By the way, I find it interesting that Josh also linked to Frank Foer's article on Annan's sympathy for Iraq without any reference to its criticism of Bush's naivete. A hanging curveball, my friend? (0) opinions -- Add your opinion
Sunday, October 06, 2002
# Posted 9:54 AM by Ariel David Adesnik
Also on democracy and Islam: David Ignatius takes Bush to task for not laying out plans for postwar Iraq, while profiling some of those Iraqi dissidents who are.
Also check out William Buckley's contribution to the debate on democracy promotion and nation-building, which comes at the end of an article on US diplomacy at the UN. Thanks to CalPundit for finding it. (0) opinions -- Add your opinion
# Posted 9:24 AM by Ariel David Adesnik
The point of Dowd's column is to show that the conflict with Iraq may have a lasting impact on the balance of power in American politics because it has facilitated the construction of a coalition between evangelical Christians and mainstream Jews, both of whom are deeply concerned about Israel. Yet unsurprisingly, Dowd spends most of her column inches mocking Jerry Falwell for comments that are mock-worthy but no different than anything he has said before. All we get about American Jewish perspectives on Israel is this:
Influential Jewish conservatives, inside and outside the administration, have been fierce in supporting a war on Saddam, thinking it could help Israel by scrambling the Middle East map and encouraging democracy.My first problem with this comment is that it implies that "influential Jewish conservatives" derive their recommendations from US policy in the Middle East from a narrow consideration of Israel's interests. That is both insulting as well as just plain wrong. It is insulting because it implies that "influential Jewish conservatives" (IJC's) place their loyalty to Israel ahead of their commitment to the United States' values and interests. That sort of assertion is not all that different from saying that committed Jews cannot be good Americans. That sort of assertion is wrong because I have worked for, met and read the work of many IJC's and can testify that they are no less committed to American values than they are to Jewish ones. In fact, many of the individuals Dowd criticizes -- such as Robert Kagan and William Kristol -- are experts on American politics and policy who happen to be Jewish. Thus, it is not even clear why their ethnicity is relevant.

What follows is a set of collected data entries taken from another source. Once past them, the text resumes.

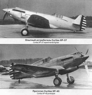 Продолжая совершенствовать «Хок-75», Берлин обратил внимание на двигатель жидкостного охлаждения Allison V-1710. Несмотря на относительно небольшую мощность, его установка на уже отработанный планер позволила уменьшить лобовое сопротивление самолета, что дало заметный прирост скорости. Результаты заводских испытаний прототипа ХР-37 и войсковых опытной серии из 13 YP-37 вполне удовлетворили командование USAAC. Еще более перспективным выглядел ХР-40, который впервые поднялся в воздух 14 октября 1938 г После установки двигателя V-1710-33 в 1100 л. с., переноса радиаторов из-под средней части фюзеляжа в носовую и др. доработок самолет окончательно завоевал симпатии генералов. Вариант получил фирменное обозначение Curtiss Hawk 81 и военное – Р-40 Warhawk. 27 апреля 1939 г. USAAC заказал в Буффало 524 самолета, после чего началось серийное производство. Самолеты выпускались в следующих модификациях: – Р-40 или P-40-CU (фирменное обозначение Curtiss Hawk 81). Вооружение состояло из 2-х синхронных 12,7-мм и 2-х крыльевых 7,62-мм пулеметов. Взлет головного образца состоялся 4 апреля 1940 г. Заказ был сокращен до 199 единиц и выполнен 15 октября 1940 г. Франция заказала 10 мая 1939 г. 185 машин, получивших обозначение Н81-А1 и отличавшихся наличием четырех крыльевых пулеметов. Ко времени капитуляции заказчик не успел получить ни одного самолета, а построенные 142 экземпляра поступили в RAF, где получили обозначение Tomahawk Mk. I. – Р-40А – один серийный P-40-CU, переоборудованный в фоторазведчик. – Р-40В (фирменное обозначение Curtiss H81-B). Отличался наличием четырех 7,62-мм крыльевых пулеметов, бронеза-щитой летчика и топливной системы, а также более совершенным радиооборудованием. Поставлен 131 ВВС Армии США (USAAF) в январе-апреле 1941 г. Для RAF построено 110 самолетов, получивших обозначение Tomahawk Mk. II и НА (Curtiss Н81-А2), на которых пулеметы и радиооборудование были заменены на британские образцы. Из этой партии 23 машины поступили в СССР. – Р-40С (фирменное обозначение – как у Р-40В). Сокращена емкость крыльевых топливных баков и введено их протектирование, установлены: дополнительный бачок для горючего, новая радиостанция и держатели для бомб калибром до 227 кг. В марте-мае 1941 г. поставлено USAAF 193 истребителя. В ноябре 1940 – августе 1941 гг. RAF получили 328 Tomahawk Mk. IIB (H81-A2 и A3), из них 49 позже были переданы СССР и 100 – Китаю для вооружения Американской Добровольческой группы. – P-40G – гибрид фюзеляжа P-40-CU и крыла Н81-А2. Собрано 43 экземпляра, из которых 16 отправлены в СССР.
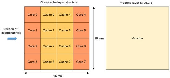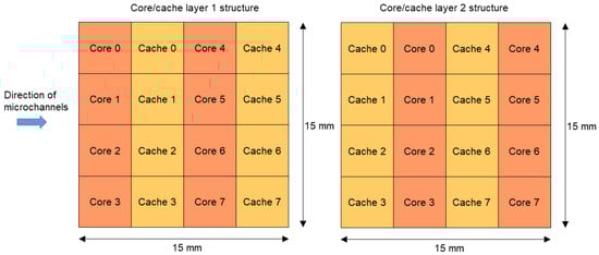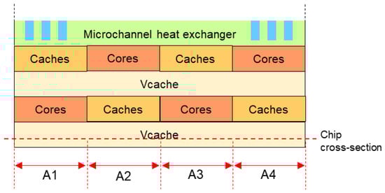 In this section, two designs, Z1 and Z2—as shown in Figure 5—are compared. In both designs, the processor is composed of two dies: the core/cache die and the V-cache die. The only difference between the designs is the positioning of cores and V-cache in the 3D stack; in the Z1 design, the cores are located at the bottom of the stack, while in the Z2 design, the cores are located at the top, close to the microchannel’s heat exchanger. The Z1 design is a better solution from the perspective of implementing interconnections and routing, but the Z2 design is likely to be superior from a thermal perspective. In what follows, we attempt to quantify how the Z2 design is better compared to the Z1 design in terms of thermal performance. Figure 6 shows the positioning of cores, caches, and V-cache in the chip with respect to microchannels.
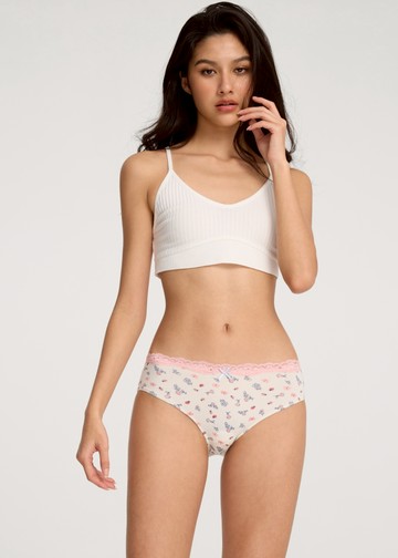 Forever Young.花邊中腰三角內褲(米白-格子小千鳥)

My second objection to Dowd's comment is her implication that the alleged ulterior motives of IJC's invalidate the proposition that toppling Saddam might enhance Israeli security by changing borders in the Middle East and encouraging democracy. Since the current borders in the Middle East seem largely conducive to conflict, I can't imagine what's wrong with changing them. And as for encouraging democracy, Dowd makes it sound about as wholesome as a conspiracy to rob Middle Easterners of their cherished authoritarian governments. Of course, one might give Dowd the benefit of the doubt and say that encouraging democracy is not immoral but simply foolhardy, a position taken by many during recent blogospheric debates on democracy and Islam.
On that note, I'd like to give a long overdue shout out to Winds of Change, which has assembled a user-friendly set of links that draw together all the main contributions to the democracy and Islam debate by OxBlog, Michiel Visser and others. Thanks!